A couple years in, NVIDIA shook up their business model and decided against running their own platform and instead became more simply a cloud gaming frontend for Steam (and now EPIC and GOG etc.). I had and still have mixed opinions on that. They definitely increased their game count quickly, but the experience was always very …. clunky.
There were many times I’d open a game and land in a desktop Steam interface and be forced to wait for an update from the Steam server to the NVIDIA server before I could start playing. I’ve just got to believe that the gaming industry can do more with the cloud than what is basically a remote desktop client running desktop apps.
For example, can you imagine if Netflix, instead of being a proper cloud service, was simply a remote desktop app that launched iTunes on remote Windows client and asked you to buy a movie and then play it via the remote desktop media player? That’s kind-of what GeForce Now evolved into…
The elephant in the room…
The biggest problem I see with GeForce Now’s model, though, is not the clunky UX, it’s that it holds few cards in a business sense. Lots of people think the cloud gaming ecosystem is fleshing itself out. But, the reality is that the process hasn’t even really started. Some of the biggest players/disrupters have yet to weigh in. One of those is Steam/Valve.
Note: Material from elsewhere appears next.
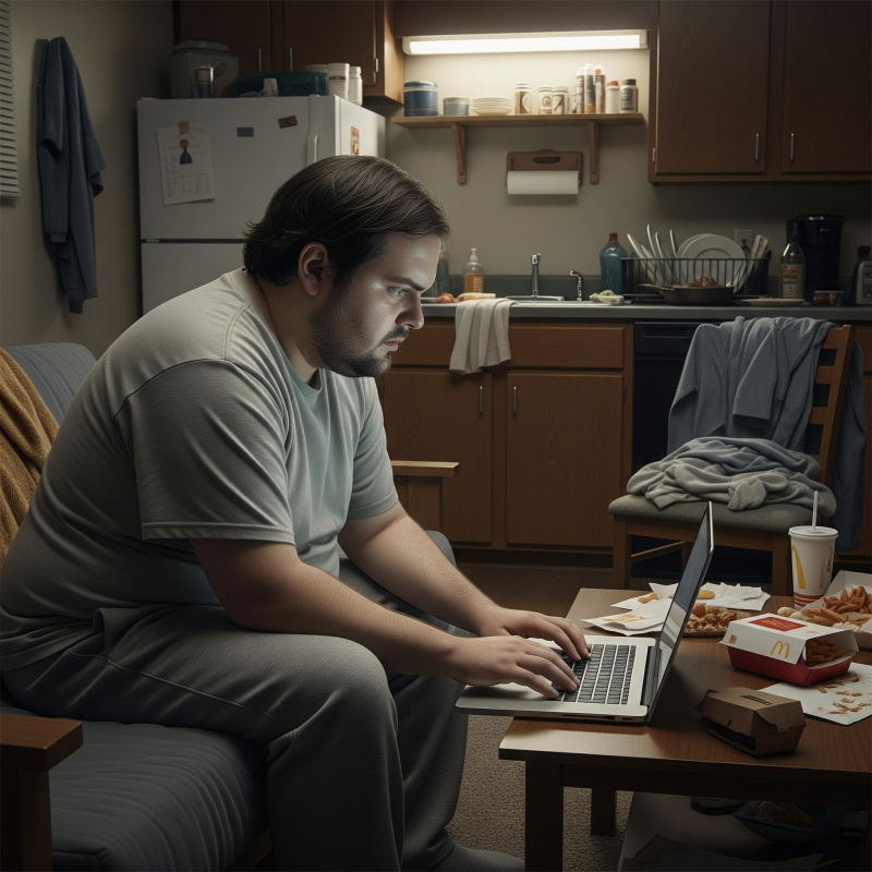 Sam looked around his studio apartment where he worked from home, sprawled on the couch. The dingy living space reflected his life philosophy perfectly. Dirty dishes stacked in the sink because running the dishwasher required loading it properly—and who had time for Tetris with plates? Laundry piled on the chair because the laundromat was six blocks away, which was basically a marathon in city terms. Fast food containers littered the coffee table because trash day meant actually taking the bag downstairs.

This is purely speculation, but I’ve got to think that Steam will launch a “proper” cloud gaming service at some point in the future. And, I think it isn’t much of a stretch to guess that:
- It will be based on Linux. Steam has invested a tremendous amount in Linux native games (there were over 8,500 native Linux games in Steam last I looked a few months ago) as well as the open source WINE stack (including proton, dxvk, vkd3d). They have been trying to separate themselves from Windows (and the licensing costs associated with that) for years, continuing with the Steam Deck.
- Steam is not going to tie themselves forever in terms of a hosting agreement with a single GPU vendor. Every time they upgrade their blades, they will want to negotiate the best deal they can from a number of GPU vendors: AMD, NVIDIA, Intel etc.
So, I see a future where Steam tells NVIDIA: “Hey there! Thanks for holding our place in line. We’ll go ahead and take it from here.”
Where would this leave GeForce Now?
I think they’d have a few options. They could go back to having their own platform (this is hard), they can partner more closely w/ another platform to have a better integrated experience (perhaps w/ someone like Epic?), they could move themselves closer to the ShadowPC model and try to be the service that has the best fidelity for a PC in the cloud – for example by offering Steam games at higher fidelity than whatever the official Steam cloud service does.
With the launch of the 3080 tier and its associated higher price tag, it looks like GFN could be heading in that last direction. It’s an interesting niche to carve out, but only time will tell if mass adoption follows.
For me, the on-blade fidelity is actually the very least interesting aspect of cloud gaming tech. To first order, it seems basically like a pissing contest. Any cloud services could have the highest on blade FPS/Resolution etc. just by buying expensive GPUs/CPUs and passing the cost along.
I suspect over the next decade this could just be a matter of who has revised their blades most recently and the title will swap back and forth on a regular basis. I think it’s a dull matter, but I guess for whatever reason gamers seem obsessed with having the biggest and best box…
What I personally find a lot more interesting is the actual “cloud platform tech” – the convenience of cloud gaming, the availability on as many screens as possible, the social things like friends lists, leaderboards, parties, platform achievements and cloud specific things built right into games via a platform SDK (not just hacks on top of the input or output).
Has the new 3080 tier changed GFN’s user adoption rate?
It’s pretty early days. GeForce Now’s new tier was announced on October 21st and started rolling out to users last week. But, we have collected a bit of data. For example, here is how Google Play Review counts (correlated to downloads) have evolved:
That last tall peak actually occurred on Oct. 16 (before the 3080 tier announcement). If I were to hazard a guess, I’d say it resulted from the Brazil launch or the positive news around Crysis. On the other hand, it is hard to say the 3080 tier announcement has had any effect at all on this growth rate. (It may be worth pointing out that the growth rate here is ~3x higher than Stadia, but GFN is also available for a ~2.5x greater population).
Of course, this is just one metric that measures the Android (+AndroidTV) app. Does this match other metrics we track – particularly those from social media? Here is how things changed for GFN’s growth rate on Twitter, Reddit, Discord, Facebook:
Again, it is very early, but for now, it’s hard to say the announcement/launch of the new tier has had more than a modest impact on these numbers. It’ll be interesting to see how this evolves. GeForce Now remains my own #2 cloud service preference for the time being, though I don’t see myself jumping into the 3080 tier. I was already more than happy with GFN fidelity before the upgrade.